RAW DATA Start Marker

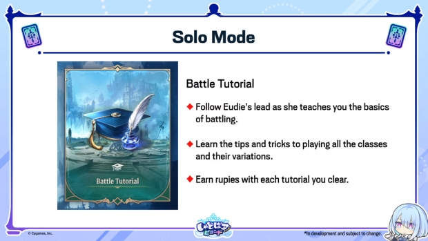 Apprenez les bases du combat et la terminologie avec Eudie, le guide intégré au jeu, dans le tout nouveau tutoriel de combat. Conçu pour permettre aux nouveaux joueurs de se familiariser rapidement avec le jeu, le tutoriel de combat propose également des leçons sur comment jouer les archétypes de base pour chaque classe présente dans le premier set de cartes.
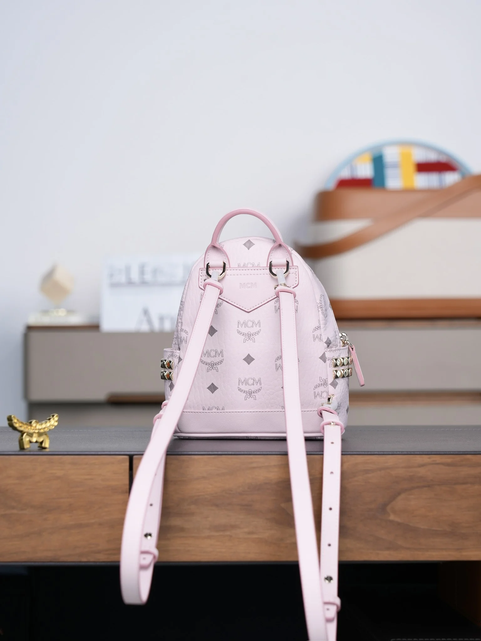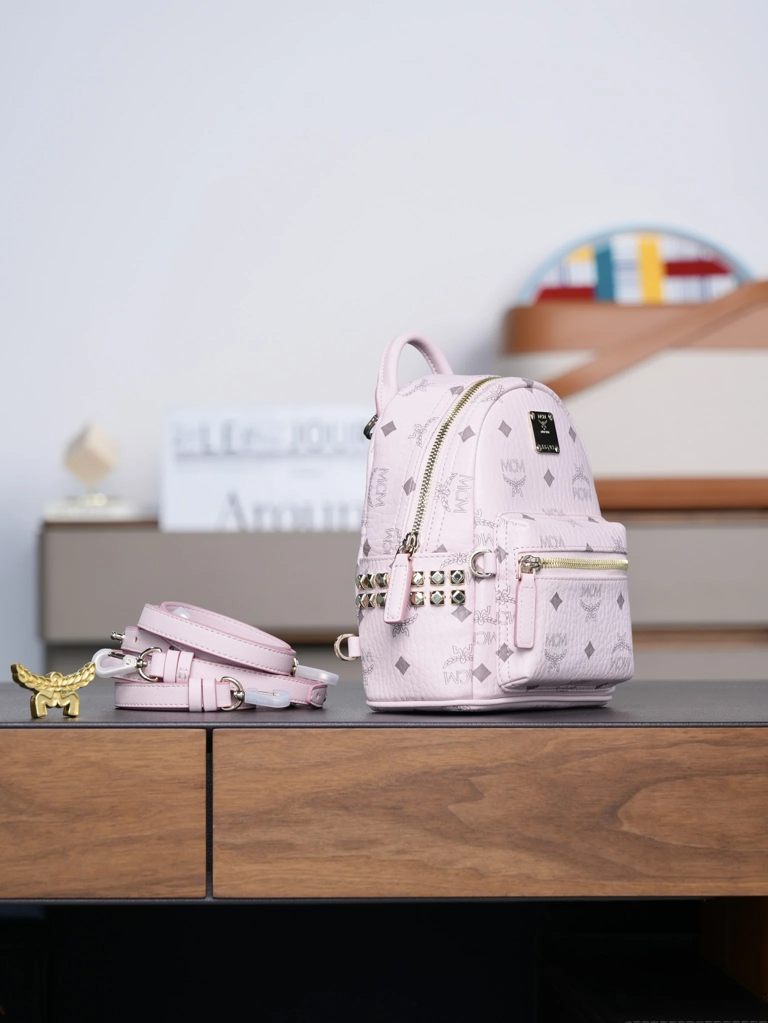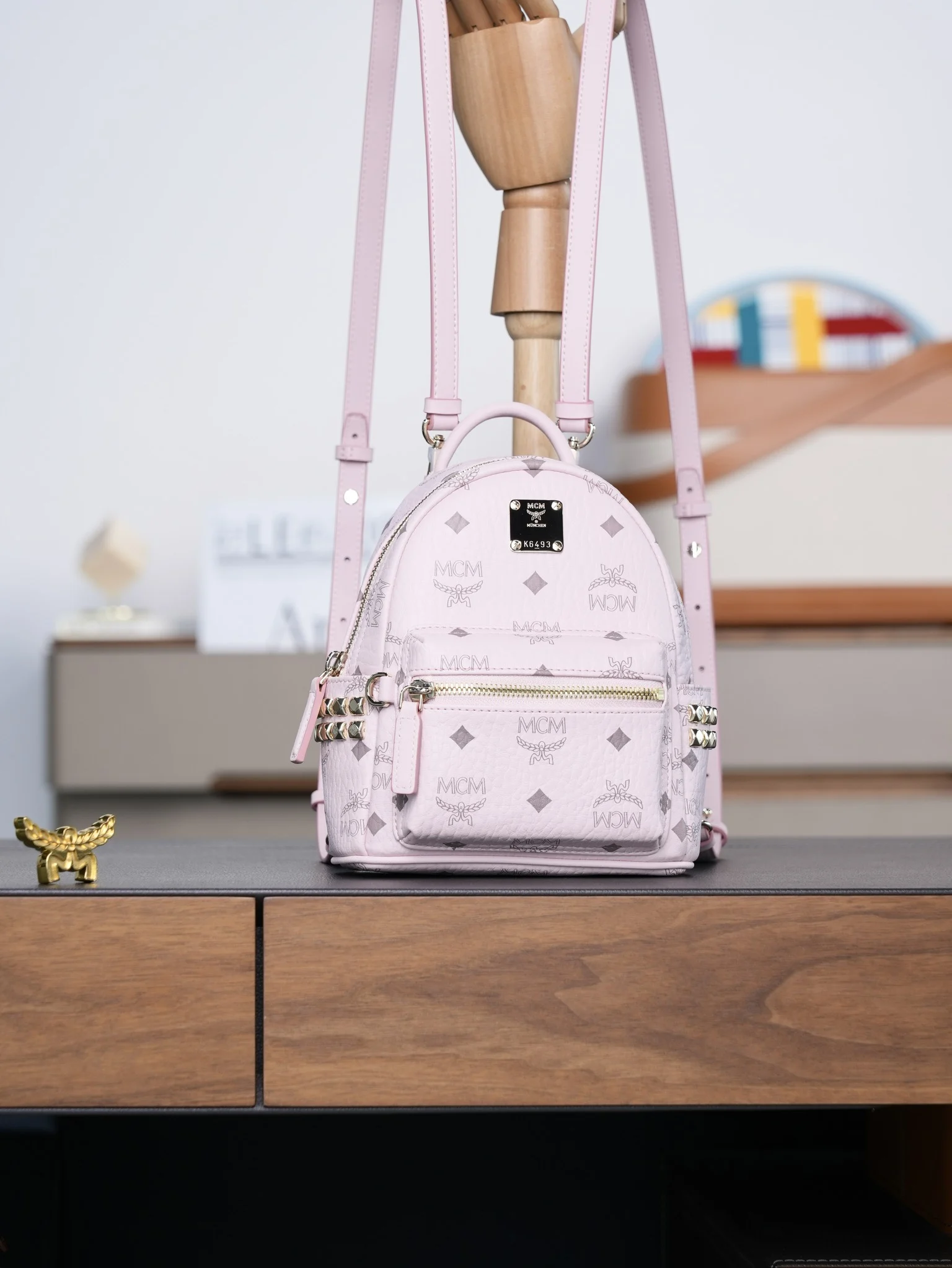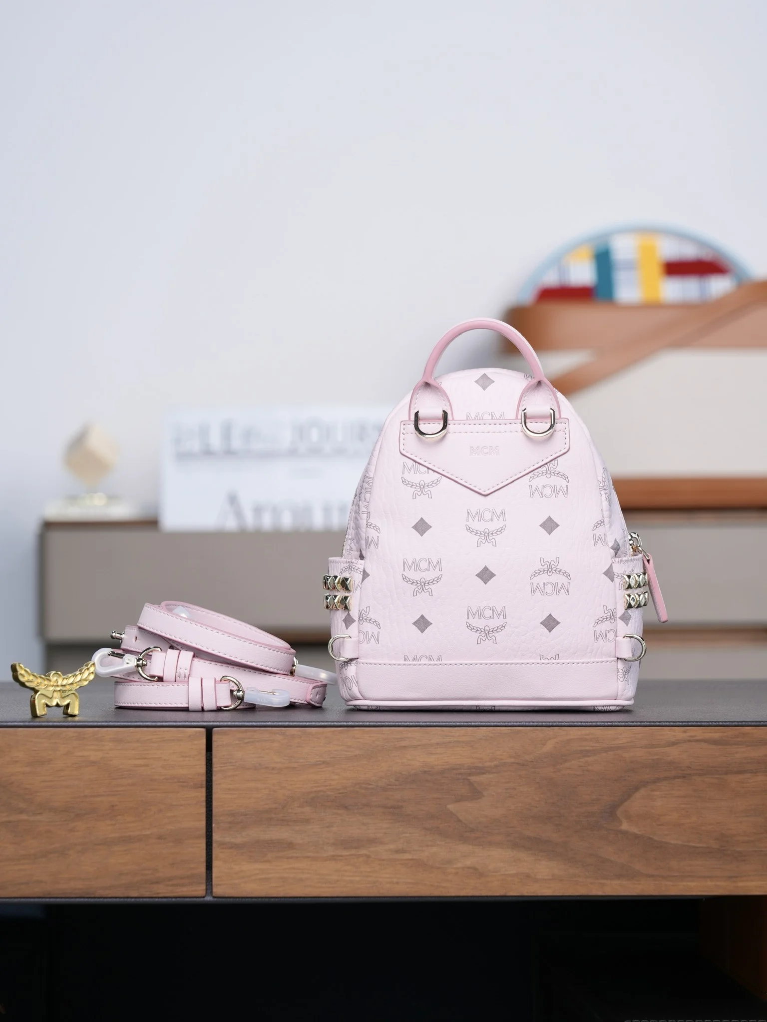 全新升级 官网同步𝙈𝘾𝙈 𝙎𝙩𝙖𝙧𝙠 𝙑𝙞𝙨𝙚𝙩𝙤𝙨轻雾粉超迷你 铆钉双肩包超迷你 CP独家出品 轻雾粉用这款超迷你Stark双肩背包秀出新风格 由经典Visetos制成 饰以豪华的Nappa皮革饰边及前卫感十足的全新铆钉细节 适合各种搭配 创新设计可以利用肩带秒变斜挎包 双肩包 单肩包 腰包和手提包 型号 MMK6SVE92CO001尺寸 21*10*17.5cm肩带 可调节32.5-124cm开合 拉链式颜色 轻雾粉/POWDER PINK
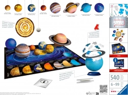 Datorită calității RAVENSBURGER, asamblarea este cursivă, distractivă și instructivă. Planetele finalizate pot fi agățate sau expuse pe suport, pentru a crea acasă un model spectaculos al spațiului. Este inclus și un poster față-verso cu informații (inscripții în limbă străină) și un ghid ilustrat pentru un start ușor.

RAW DATA End Marker

**WHAT THE EXERCISE ASKS:** Exact repetition of each line above is expected; images are to be omitted.

**COMPLETED EXERCISE:**
 Apprenez les bases du combat et la terminologie avec Eudie, le guide intégré au jeu, dans le tout nouveau tutoriel de combat. Conçu pour permettre aux nouveaux joueurs de se familiariser rapidement avec le jeu, le tutoriel de combat propose également des leçons sur comment jouer les archétypes de base pour chaque classe présente dans le premier set de cartes.
 全新升级 官网同步𝙈𝘾𝙈 𝙎𝙩𝙖𝙧𝙠 𝙑𝙞𝙨𝙚𝙩𝙤𝙨轻雾粉超迷你 铆钉双肩包超迷你 CP独家出品 轻雾粉用这款超迷你Stark双肩背包秀出新风格 由经典Visetos制成 饰以豪华的Nappa皮革饰边及前卫感十足的全新铆钉细节 适合各种搭配 创新设计可以利用肩带秒变斜挎包 双肩包 单肩包 腰包和手提包 型号 MMK6SVE92CO001尺寸 21*10*17.5cm肩带 可调节32.5-124cm开合 拉链式颜色 轻雾粉/POWDER PINK
 Datorită calității RAVENSBURGER, asamblarea este cursivă, distractivă și instructivă. Planetele finalizate pot fi agățate sau expuse pe suport, pentru a crea acasă un model spectaculos al spațiului. Este inclus și un poster față-verso cu informații (inscripții în limbă străină) și un ghid ilustrat pentru un start ușor.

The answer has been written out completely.